One minor quibble: In the essay you write “Hedge funds that have the opposite type of liquidity mismatch (trade liquid instruments but have onerous redemption terms) often claim that they are trying to avoid “hot money†of fund of funds. However hedge fund managers always retain the right to refuse a potential investor, so that does not really wash.”
In practice, there is significant information ineffeciency, and while many investors often profess to not be “hot money” the manager never really knows for sure until the investor redeems. A better solution to this problem (rather than lockup) is some sort of redemption fee for redemptions on shorter notice.
There are also some special cases worth considering such as newly launched funds, where lockup is required to secure the stability of the business (although often in these cases the early investors will appropriately trade longer lockup for lower fees).
Good going, Ranjan. Love the dialogue your article has triggered. A newbie.
Ranjan,
Thanks for sharing this with us.
It seems as though the balls in the hat example could be related to contrarian trading too.
Whenever you remove a ball, you can think of this as a time step so you get a stochastic process with some mean reversion built in. E.g., when you take out a black ball at t, the probability of a white ball goes up at t+1, etc.
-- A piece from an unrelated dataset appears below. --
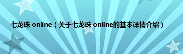 本文关于七龙珠 online的基本详情介绍就讲解完毕,希望对大家有所帮助。

This is similar to the situation where there is a fixed no. of potential buyers and sellers in a security, of fixed size. Whenever someone buys, they drop out so that the no. of sellers is proportionately larger. In theory this may lead to a mean reverting process.
Thanks again,
Hari
I am lost here. I mentioned some time ago that your calculations are wrong. You maximize the expected payoff, instead of using the expected payoff. That way you find the maximum payoff possible, but not the average payoff. You use the maximum payoff that you could ever get, but usually you will not get a maximum payoff, no matter if you want to stop or not. I don’t know if my thinking is wrong, but lets take a typical book in probabilities like Grimmett and Stirzaker, or David Williams’s book. Can you show me where they maximize the expected payoff???